__Work order__
Taking the line with "Tình trạng sạt" as the first and the line with "Výbor tří detektivních" as the last, set down the lines below exactly, pictures excluded.

__Records for processing__
----
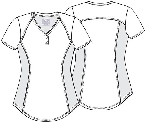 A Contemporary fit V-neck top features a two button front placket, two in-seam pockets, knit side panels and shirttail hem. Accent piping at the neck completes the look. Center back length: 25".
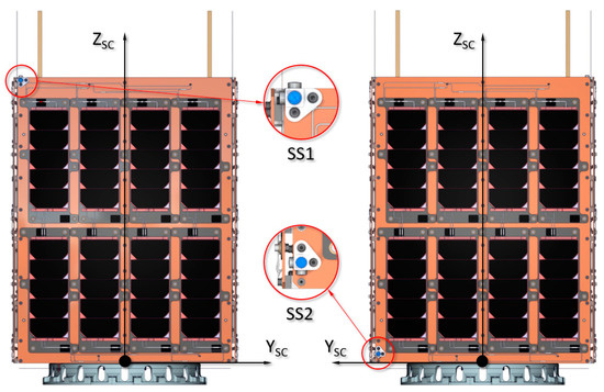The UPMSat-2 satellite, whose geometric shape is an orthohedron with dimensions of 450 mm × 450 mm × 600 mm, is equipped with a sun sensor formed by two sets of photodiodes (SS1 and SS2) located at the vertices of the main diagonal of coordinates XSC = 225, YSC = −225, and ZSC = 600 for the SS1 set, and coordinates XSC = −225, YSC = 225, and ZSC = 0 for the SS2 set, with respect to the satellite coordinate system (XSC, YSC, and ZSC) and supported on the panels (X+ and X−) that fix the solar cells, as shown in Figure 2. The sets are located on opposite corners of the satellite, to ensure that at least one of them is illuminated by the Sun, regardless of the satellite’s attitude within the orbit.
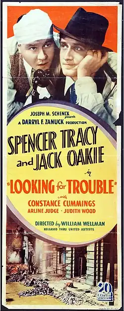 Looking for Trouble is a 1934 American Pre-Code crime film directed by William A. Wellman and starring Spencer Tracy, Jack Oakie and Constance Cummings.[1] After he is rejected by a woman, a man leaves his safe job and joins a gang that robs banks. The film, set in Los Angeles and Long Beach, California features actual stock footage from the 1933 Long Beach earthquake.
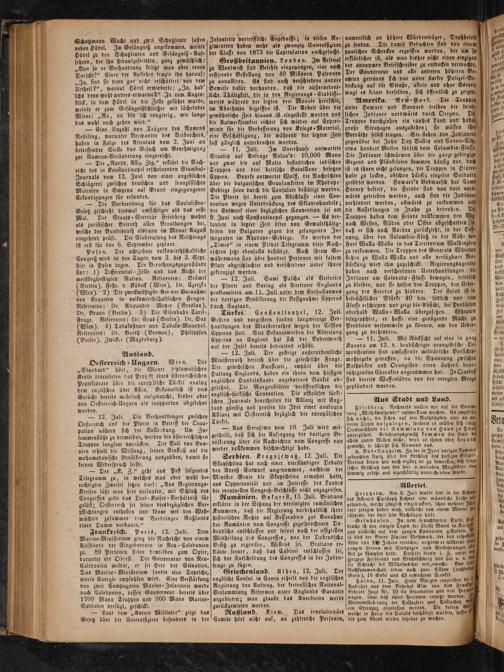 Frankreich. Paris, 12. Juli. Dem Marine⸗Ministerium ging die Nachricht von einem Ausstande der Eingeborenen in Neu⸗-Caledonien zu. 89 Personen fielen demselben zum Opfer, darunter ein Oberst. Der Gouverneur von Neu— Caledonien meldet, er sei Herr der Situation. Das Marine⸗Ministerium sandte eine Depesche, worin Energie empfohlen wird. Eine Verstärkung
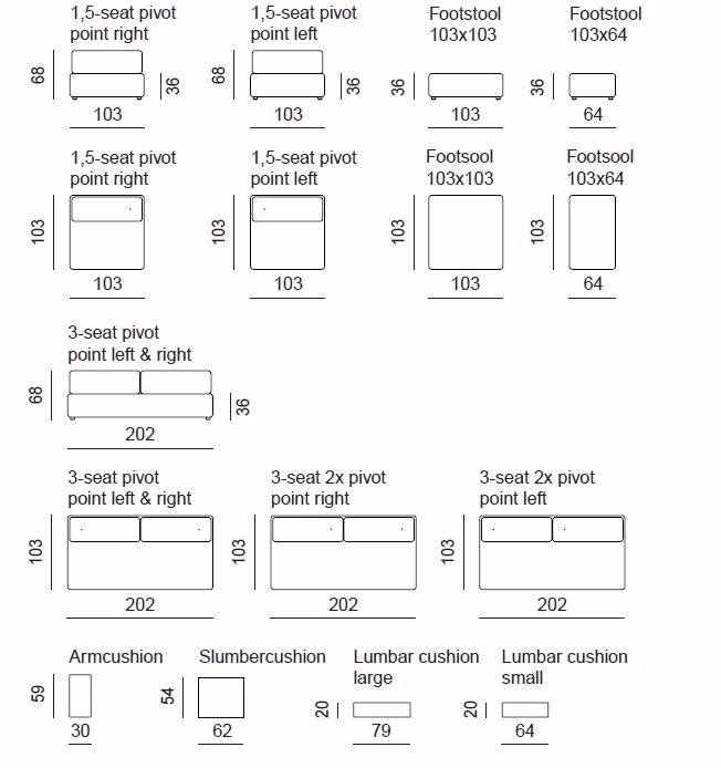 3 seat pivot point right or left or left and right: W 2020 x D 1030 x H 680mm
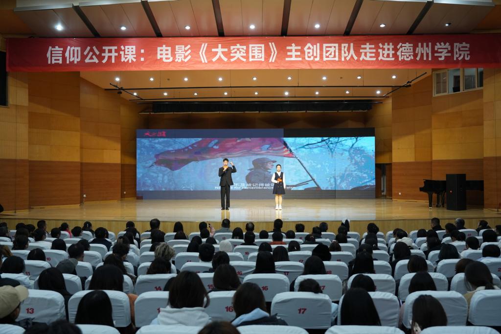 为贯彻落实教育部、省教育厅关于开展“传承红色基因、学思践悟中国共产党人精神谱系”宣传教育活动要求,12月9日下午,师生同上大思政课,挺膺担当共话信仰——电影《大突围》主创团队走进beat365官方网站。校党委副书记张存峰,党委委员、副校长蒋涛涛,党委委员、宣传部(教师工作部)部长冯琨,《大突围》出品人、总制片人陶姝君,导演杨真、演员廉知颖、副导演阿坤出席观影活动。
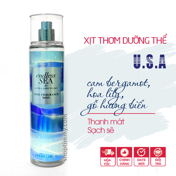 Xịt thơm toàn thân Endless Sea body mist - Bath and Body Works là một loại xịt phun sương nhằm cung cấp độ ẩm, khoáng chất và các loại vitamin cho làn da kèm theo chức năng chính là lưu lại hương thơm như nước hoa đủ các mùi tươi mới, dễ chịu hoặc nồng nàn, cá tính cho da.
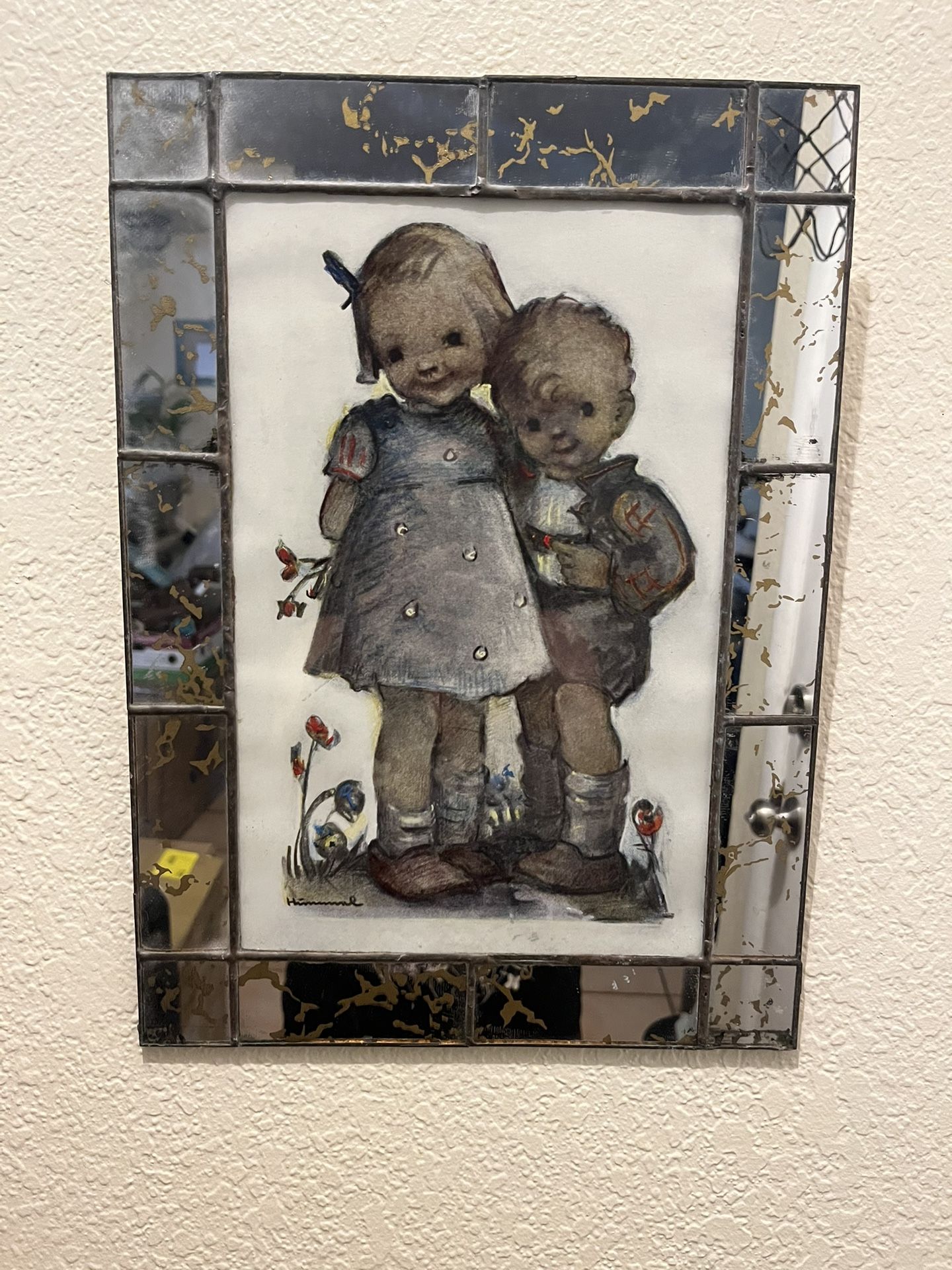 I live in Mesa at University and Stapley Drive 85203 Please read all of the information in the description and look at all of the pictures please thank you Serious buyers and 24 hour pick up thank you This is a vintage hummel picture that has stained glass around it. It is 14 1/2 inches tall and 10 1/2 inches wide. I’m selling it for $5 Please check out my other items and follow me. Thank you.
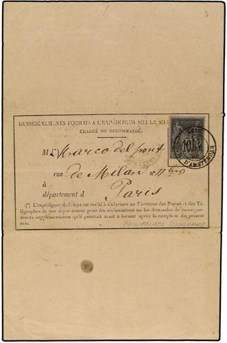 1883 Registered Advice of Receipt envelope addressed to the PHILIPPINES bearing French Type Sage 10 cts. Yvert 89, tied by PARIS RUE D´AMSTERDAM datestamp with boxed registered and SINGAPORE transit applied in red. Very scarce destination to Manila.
----
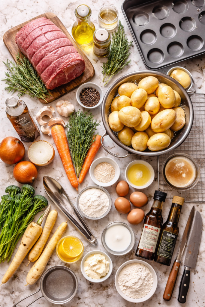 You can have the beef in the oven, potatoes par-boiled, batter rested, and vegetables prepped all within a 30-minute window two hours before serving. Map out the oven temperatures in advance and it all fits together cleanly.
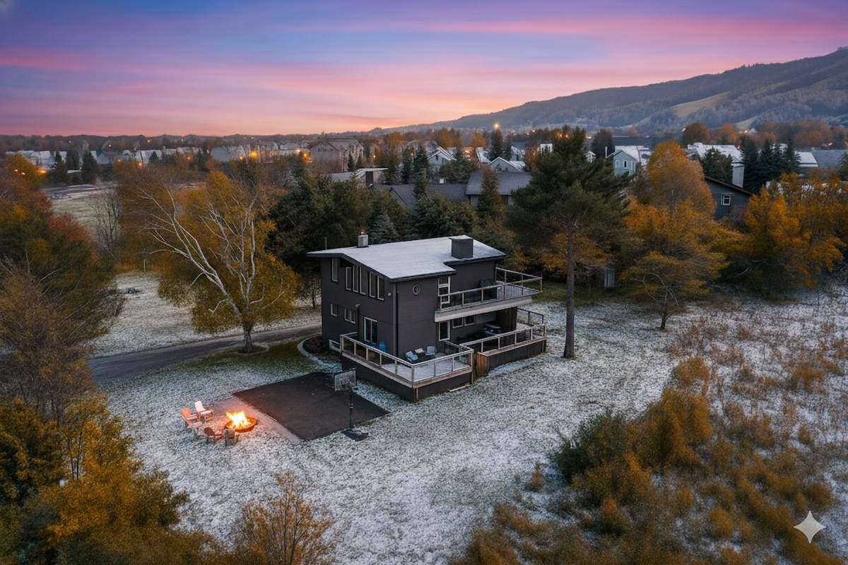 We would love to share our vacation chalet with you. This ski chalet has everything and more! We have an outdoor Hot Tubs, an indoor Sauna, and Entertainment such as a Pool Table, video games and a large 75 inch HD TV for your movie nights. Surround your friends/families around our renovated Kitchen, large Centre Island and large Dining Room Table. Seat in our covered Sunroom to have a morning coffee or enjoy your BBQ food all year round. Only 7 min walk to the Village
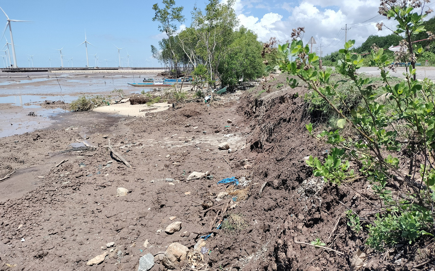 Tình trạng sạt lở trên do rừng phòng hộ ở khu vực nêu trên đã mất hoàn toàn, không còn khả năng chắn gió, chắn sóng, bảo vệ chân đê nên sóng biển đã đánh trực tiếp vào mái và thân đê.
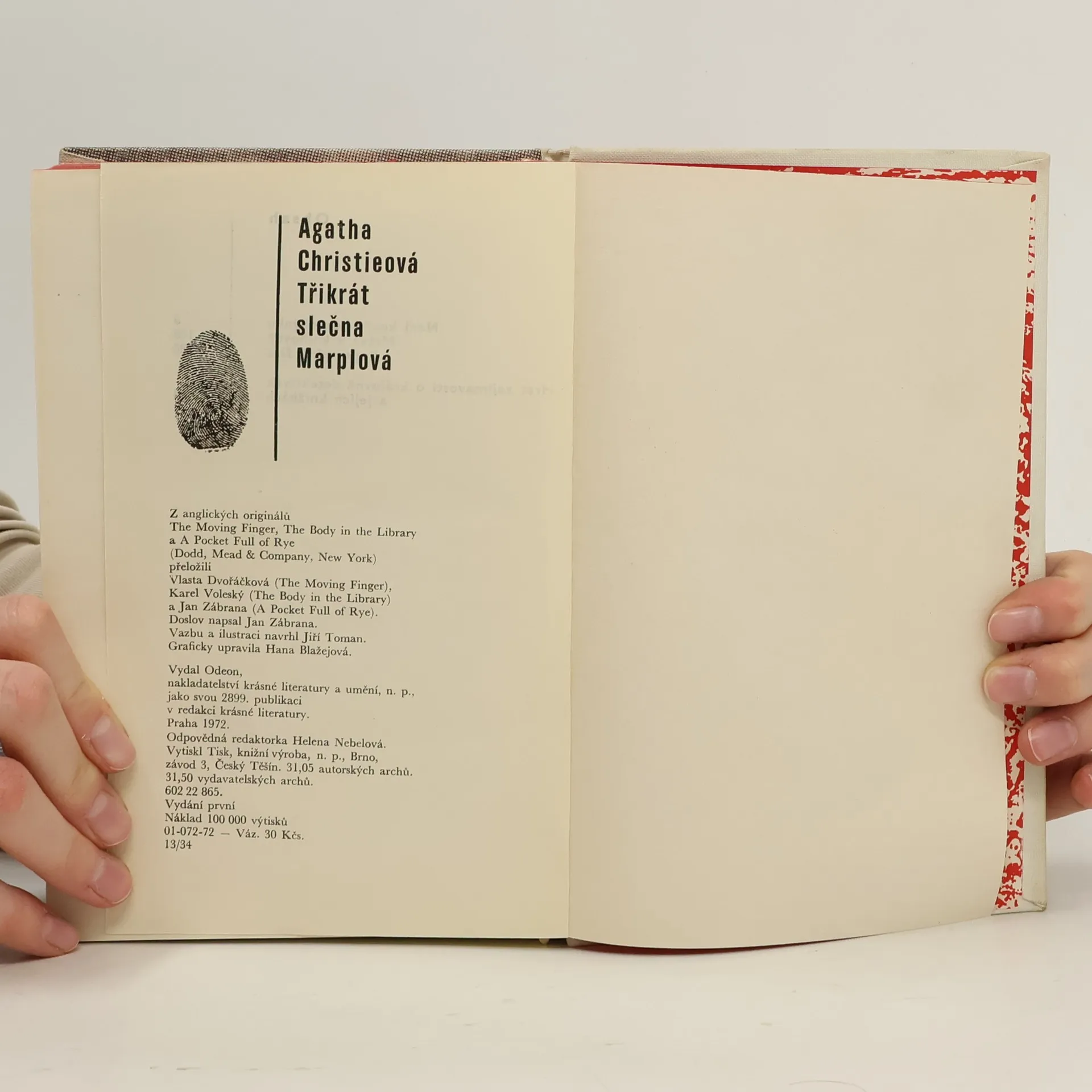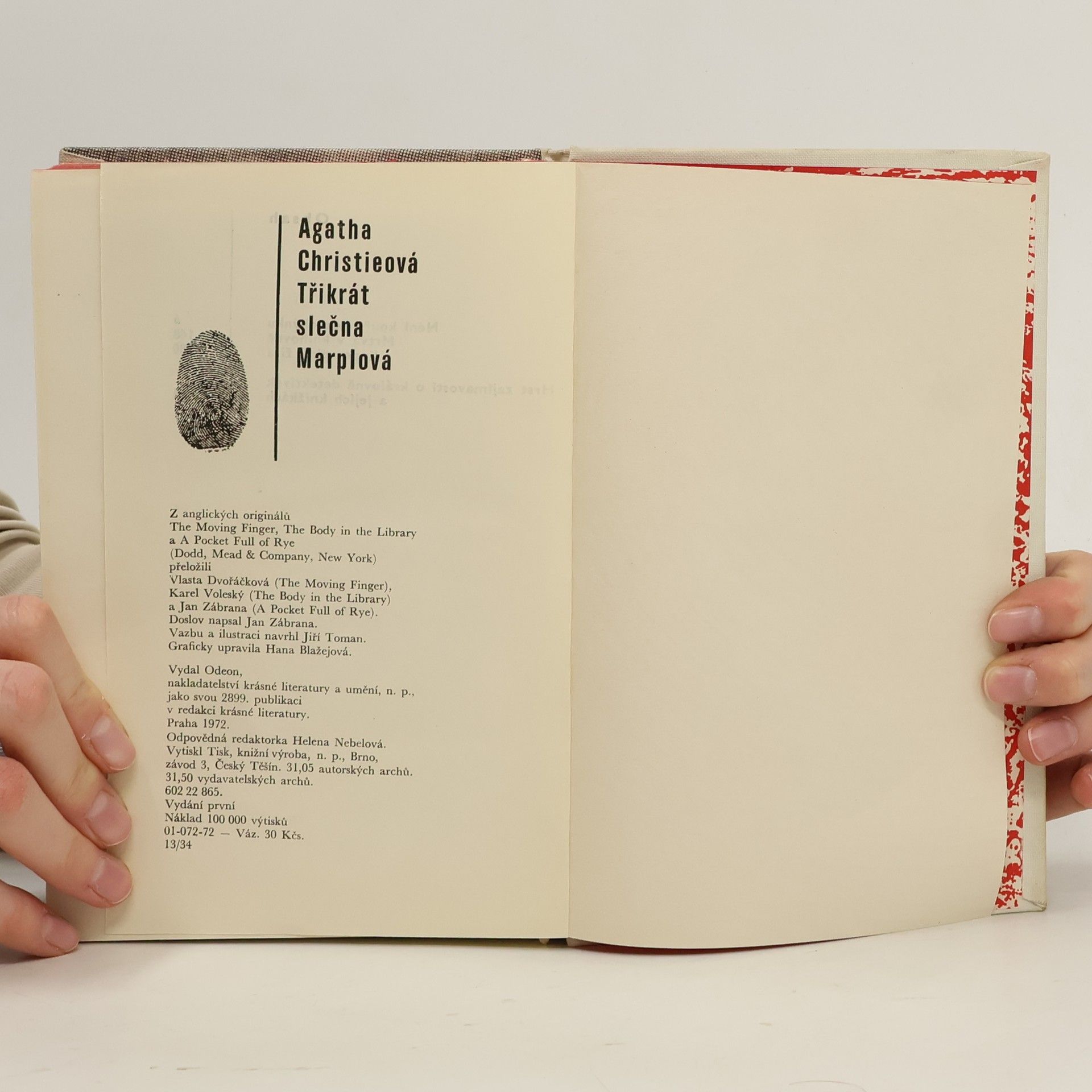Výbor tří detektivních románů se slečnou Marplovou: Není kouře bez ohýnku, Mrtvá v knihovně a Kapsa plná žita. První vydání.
----
__Exercise output__
 Tình trạng sạt lở trên do rừng phòng hộ ở khu vực nêu trên đã mất hoàn toàn, không còn khả năng chắn gió, chắn sóng, bảo vệ chân đê nên sóng biển đã đánh trực tiếp vào mái và thân đê.
Výbor tří detektivních románů se slečnou Marplovou: Není kouře bez ohýnku, Mrtvá v knihovně a Kapsa plná žita. První vydání.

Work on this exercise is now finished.